▸ GIVEN RECORDS:

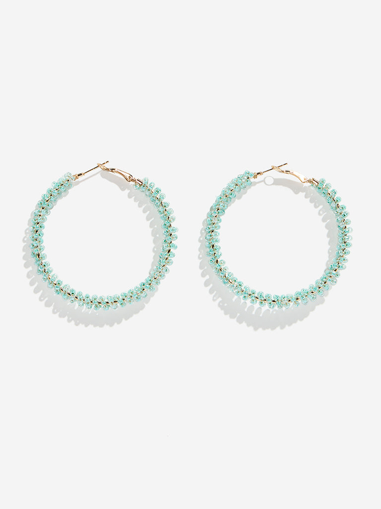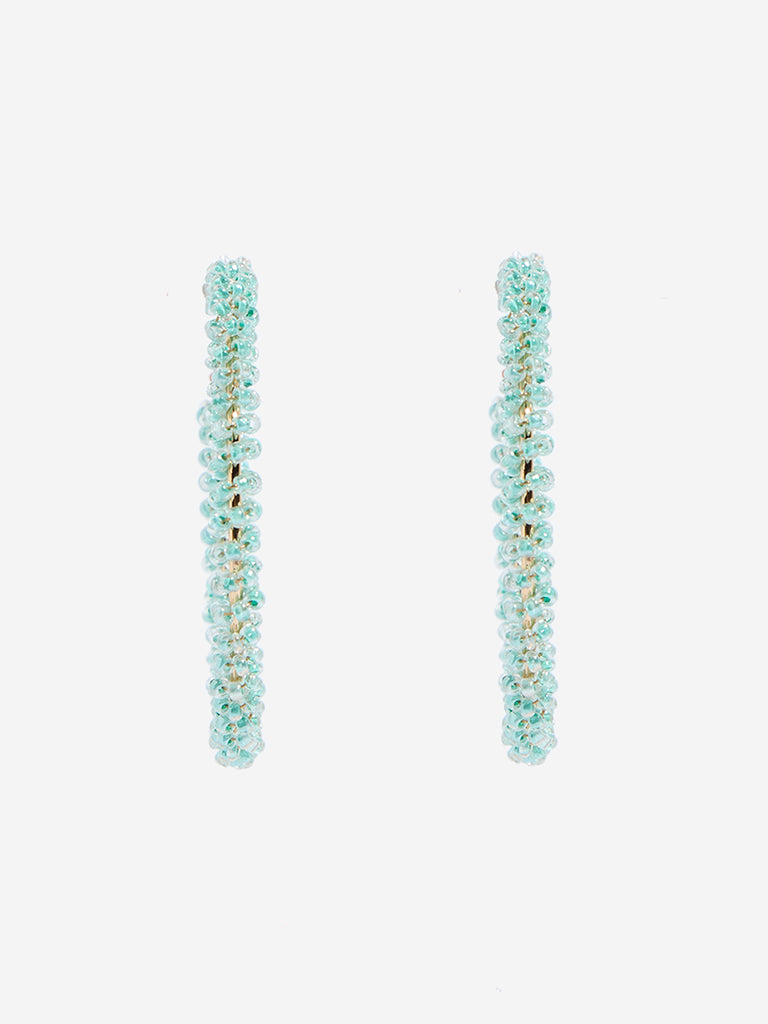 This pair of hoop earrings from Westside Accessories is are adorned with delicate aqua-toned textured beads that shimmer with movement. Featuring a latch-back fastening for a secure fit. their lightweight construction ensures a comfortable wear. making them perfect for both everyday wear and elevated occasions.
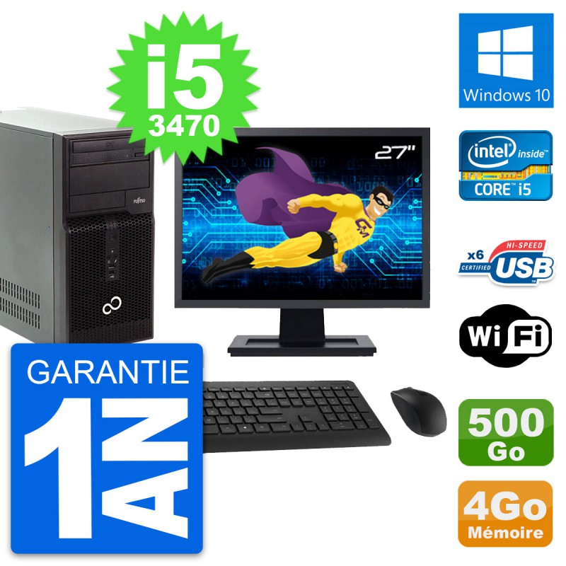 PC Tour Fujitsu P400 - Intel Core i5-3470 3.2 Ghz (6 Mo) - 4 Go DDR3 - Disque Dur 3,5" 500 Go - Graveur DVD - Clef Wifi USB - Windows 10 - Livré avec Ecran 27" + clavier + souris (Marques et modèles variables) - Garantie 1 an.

--

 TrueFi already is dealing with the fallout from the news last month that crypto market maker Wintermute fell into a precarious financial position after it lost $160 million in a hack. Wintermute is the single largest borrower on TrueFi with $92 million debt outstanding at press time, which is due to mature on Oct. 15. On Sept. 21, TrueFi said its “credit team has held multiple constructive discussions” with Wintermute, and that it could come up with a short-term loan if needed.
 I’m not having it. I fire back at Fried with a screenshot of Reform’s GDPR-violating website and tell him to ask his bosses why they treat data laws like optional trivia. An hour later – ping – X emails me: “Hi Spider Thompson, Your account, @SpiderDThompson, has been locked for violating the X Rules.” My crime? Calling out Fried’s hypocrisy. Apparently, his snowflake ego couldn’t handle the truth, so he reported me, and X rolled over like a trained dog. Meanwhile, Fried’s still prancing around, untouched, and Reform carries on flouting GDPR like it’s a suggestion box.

▸ ACTIVITY:
Copy only this part of the entries above: the line with "TrueFi already is", the line with "I’m not having", and the lines between, all exactly as written.

▸ TASK RESULT:
 TrueFi already is dealing with the fallout from the news last month that crypto market maker Wintermute fell into a precarious financial position after it lost $160 million in a hack. Wintermute is the single largest borrower on TrueFi with $92 million debt outstanding at press time, which is due to mature on Oct. 15. On Sept. 21, TrueFi said its “credit team has held multiple constructive discussions” with Wintermute, and that it could come up with a short-term loan if needed.
 I’m not having it. I fire back at Fried with a screenshot of Reform’s GDPR-violating website and tell him to ask his bosses why they treat data laws like optional trivia. An hour later – ping – X emails me: “Hi Spider Thompson, Your account, @SpiderDThompson, has been locked for violating the X Rules.” My crime? Calling out Fried’s hypocrisy. Apparently, his snowflake ego couldn’t handle the truth, so he reported me, and X rolled over like a trained dog. Meanwhile, Fried’s still prancing around, untouched, and Reform carries on flouting GDPR like it’s a suggestion box.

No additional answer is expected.